Os moradores do bairro também estão insatisfeitos. A professora Maria das Graças Soares se diz inconformada de ter de percorrer mais de 1,5 quilômetro desde o cruzamento das ruas Fagundes Varela e Paulo Alves até o edifício São Sebastião, onde mora, porque fileiras de “gelos baianos” chumbados no chão impedem a passagem do seu carro. O caminho normal, que ela usava antes da interdição, tinha pouco mais de 150 metros.
Até esta terça-feira o bloqueio era feito apenas com cavaletes, colocados pela Secretaria Municipal de Serviços Públicos nas duas extremidades da rua. No entanto, durante a noite e nos finais de semana, quando os fiscais da prefeitura não estavam no local, os motoristas retiravam os obstáculos e usavam a via. A secretária de Serviços Públicos, Dayse Monassa, explica que foi necessário furar o asfalto para colocar os blocos de concreto, porque os motoristas não respeitavam o fechamento da rua. Ela classifica como irresponsável a atitude de quem passava pela São Sebastião, já que o movimento de veículos causa trepidação e poderia resultar num novo deslizamento. “Formou-se na encosta um talude negativo, uma espécie de pomo-de-adão, que pode cair a qualquer momento. Há uma árvore muito grande e muita terra, que, no caso de um deslizamento, causariam um desastre”, justifica.
O técnico em informática Júlio César da Silva Muniz mora na Rua Tiradentes, usada como desvio. “É bom que agora o ponto de ônibus fica quase na frente da minha casa. O problema é que a Tiradentes é uma rua residencial, sem a menor estrutura para receber esta quantidade de carros”, comenta. Dependendo do trecho das vias usadas como desvio (ruas Tiradentes, Lara Vilela e Andrade Neves), o tráfego flui em uma ou duas faixas de rolagem enquanto na São Sebastião fluía em duas ou três faixas.

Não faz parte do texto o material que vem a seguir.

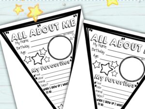 Our all about me printable comes in 2 versions, US and UK English. This activity also comes in color, so you have the option of printing the colored version, or you can have your students/children color it in.
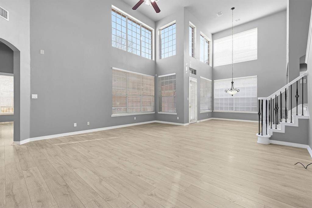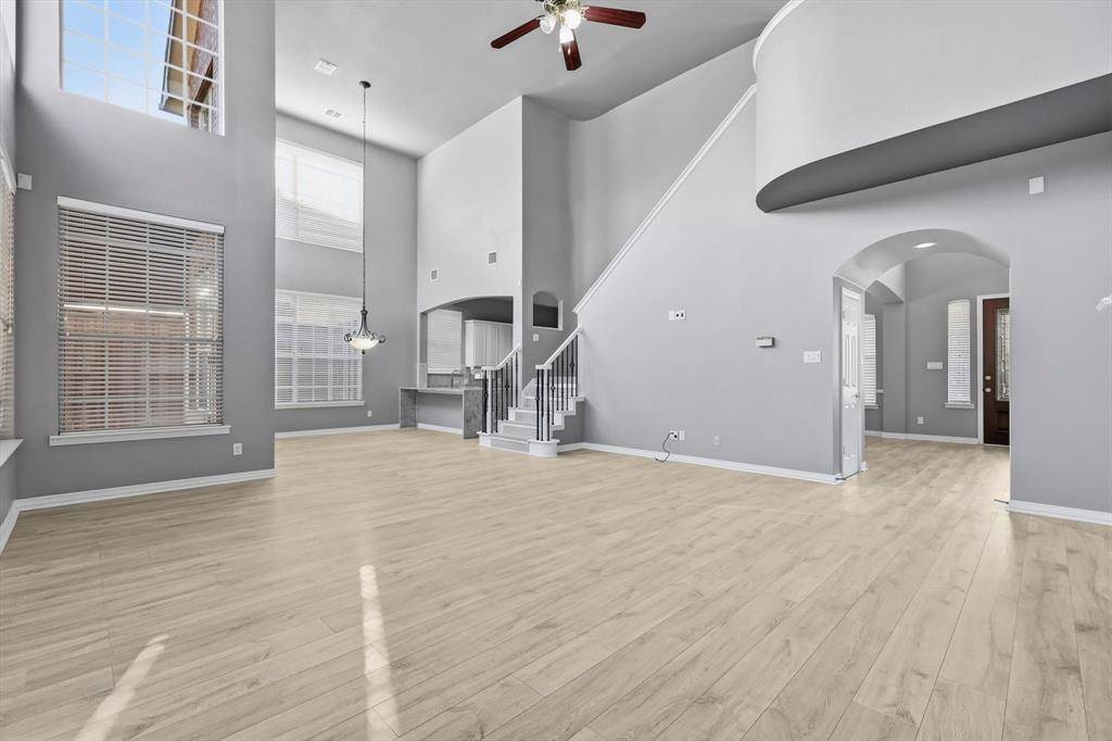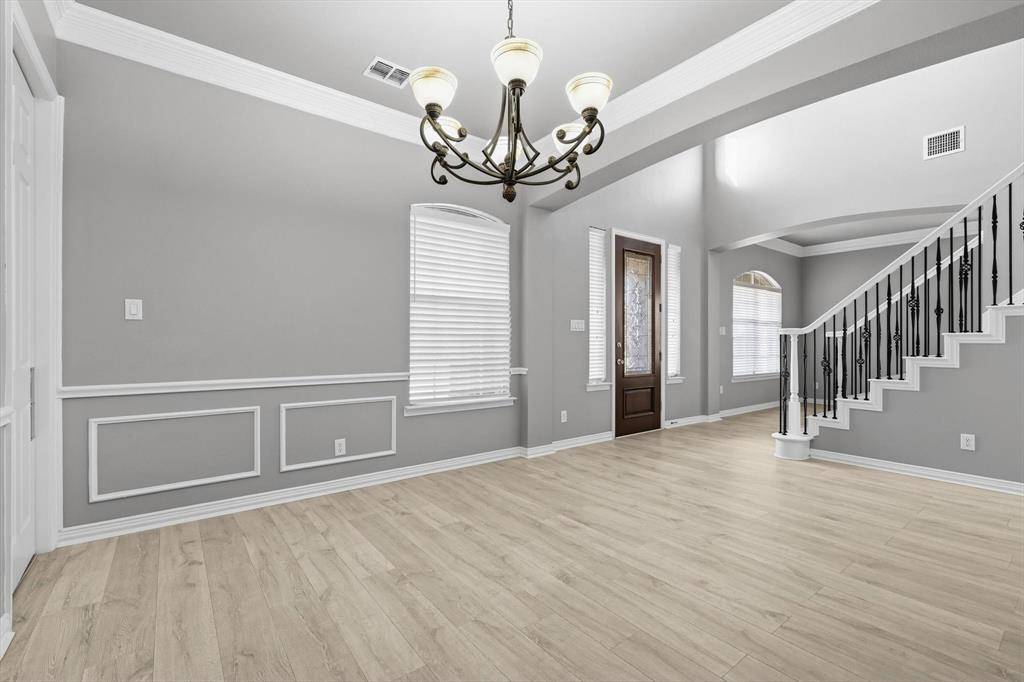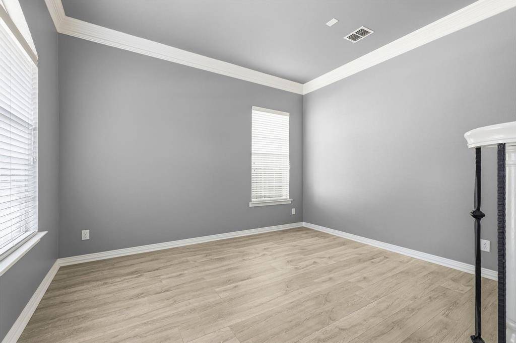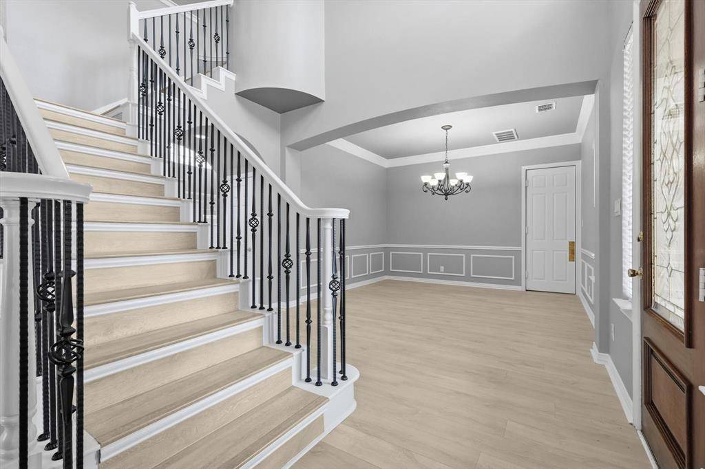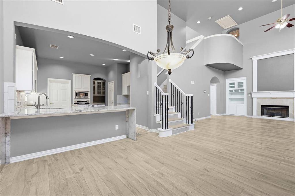 A Stunning Spacious Home in Wellington, this beautiful home in the highly desirable Wellington community blends with modern thoughtful updates, offering everything your family needs for comfort, space, and lifestyle. As you enter the house, everyone greeted by rich elegant flooring and a classic staircase that welcome you to this beautiful home. This home offers 4 bedrooms, 3.5 bathrooms, and 3 separate living spaces including a formal living room, family room, game room plus a dedicated office for today's work-from-home needs. The primary suite is located downstairs and serves as a relaxing retreat with a walk-in shower, dual vanity, recently updated custom walk-in closet, generous storage to keep life organized. A bar area for your entertainment need located between formal dining and kitchen with built in cabinet and a swing door. The kitchen is the heart of the home with a downdraft electric cooktop, center island, breakfast bar, and ample cabinetry, making it both functional and inviting. The open living room features soaring ceilings, creating a bright and airy space ideal for everyday living and entertaining. Large windows bring in abundant natural lights. Feature owner will be able to add a media if wish to, there is a plenty of attic space available next to game room. A private backyard with about 492 sqft covered patio perfect for outdoor gatherings or relaxing evenings and this back has enough space to build a pool. This beautifully maintained two-story home offers a thoughtful layout, stylish updates which include bathrooms, kitchen and closets and plenty of space for your storage need. Two-car garage, great curb appeal, and a welcoming neighborhood, and this home truly checks all the boxes. Ideally located near parks, community pool, shopping, dining, and top-rated schools, this Flower Mound home is a rare find—don't miss your opportunity to make it yours!

O estreitamento do caminho acaba causando congestionamento e aumenta o tempo de viagem em até meia hora.
O tenente-coronel Adilson Alves de Souza, da Defesa Civil Municipal, informa que, para o trânsito voltar ao normal, será necessário um laudo do órgão liberando a área. O documento, ainda segundo o comandante, será expedido assim que a prefeitura solicitar a liberação, o que só deve acontecer depois que o muro de contenção estiver erguido.